But it is not just about McGee's little black book either.



Salvage consultant, beach bum, tarnished knight errant...and slut! It's no secret that John D. MacDonald's Travis McGee got around. But someone actually took the time to sit down and compile a list.

According to Jay Pearsall, in his delightful book, Mystery & Crime: The New York Public Library Book of Answers, in the twenty-one McGee books "there is reference (or strong evidence of) ol' dawg Travis sleeping with around fifty-three women -- plus a few 'ladies.'"
It could well be about the sharpness of the quotes, on relationships, on economics, on faking your handwriting, on environmentalism, but it still doesn't quite cover all.

"In a man's home you live by his code. It does not have to be typed out and glued to the guest suite door. He did not want me to to kick his dogs, overwork his horses, bribe his servants, read his diary, filch his silverware, borrow his toothbrush, or lay his wife." Travis in A TAN AND SANDY SILENCE, p.31.

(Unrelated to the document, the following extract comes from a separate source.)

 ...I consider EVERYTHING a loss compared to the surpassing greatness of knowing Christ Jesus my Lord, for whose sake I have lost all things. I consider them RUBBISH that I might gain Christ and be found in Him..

"A woman who does not guard and treasure herself cannot be of very much value to anyone else... Only a woman of pride, complexity, and emotional tension is genuinely worth the act of love, and there are only two ways to get yourself one of them. Either you lie, and stain the relationship with your own sense of guile, or you accept the involvement, the emotional responsibility, the permanence she must by nature crave. I love you can be said only two ways." Travis in THE DEEP BLUE GOODBYE, p.24.

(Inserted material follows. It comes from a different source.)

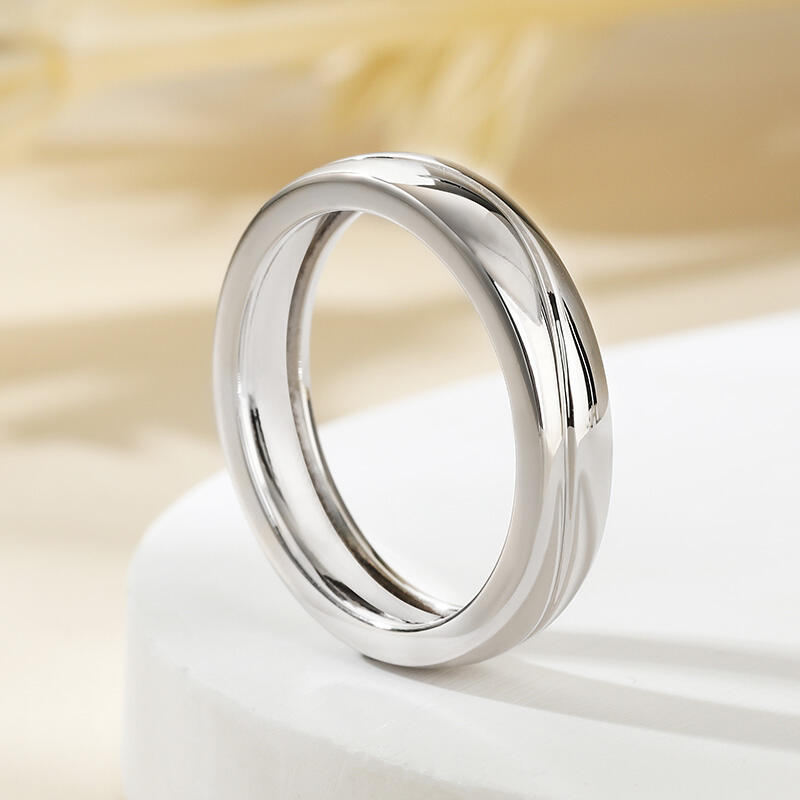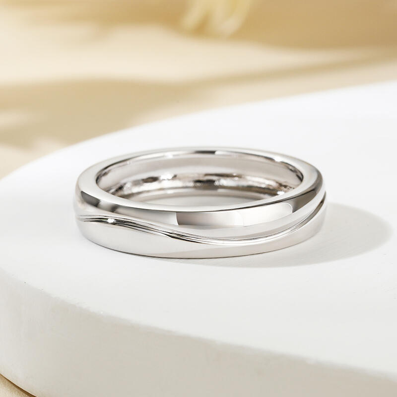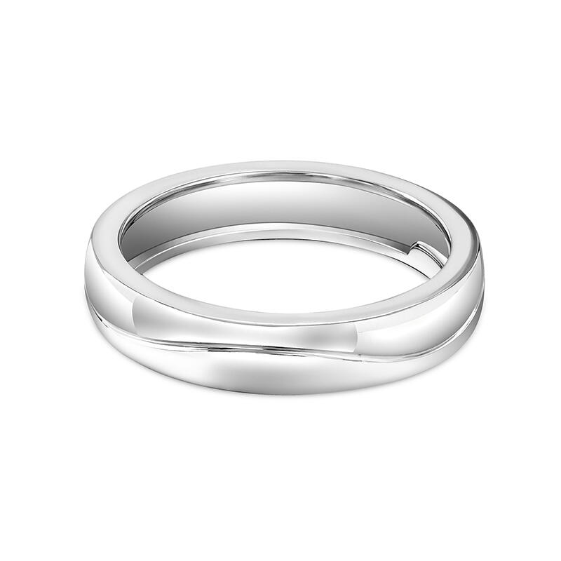 This simple men's wedding band embody the love. The men's wedding band has a curved line that wraps around the band. This represents the unique bond between you and your lover. Just like a ring connects two people together. This wedding band represents love that shines brightly and never fades.

"One good way [to detect poisonous females] is to watch how the other women react... Just the way, honey, a woman should be damned wary of a man other men have no use for." Travis in BRIGHT ORANGE FOR THE SHROUD, p.27

[Re assuming an identity] "People take you at the value you put upon yourself. That makes it easy for them. All you do is blend in. Accept the customs of every new tribe. And you try not to say too much because then you sound as if you were selling something... Sweetie, everybody in this wide world is so constantly, continuously concerned with the impact he's making, he just doesn't have the time to wonder too much about the next guy." Travis in BRIGHT ORANGE FOR THE SHROUD, p.85.
"I have caught about every kind of body louse a bountiful nature provides. And I have yet to contract a case that did not respond immediately to plain old vinegar... It kills the crabs and kills the eggs, and the itching stops almost immediately." Meyer in A TAN AND SANDY SILENCE, p.230.
[To disguise your handwriting] "Merely hold the pencil as straight up and down as possible, use all capitals, and base them all on a square format, so that the O for example, becomes a square, and an A is a square with the base line missing and a line bisecting it horizontally. No handwriting expert can ever make a positive identification of printing done in that manner, because it bears no relation to your narmal handwriting." Travis in A DEADLY SHADE OF GOLD, p.64.
In the words of far better writers than me, from the Washington Post (must read)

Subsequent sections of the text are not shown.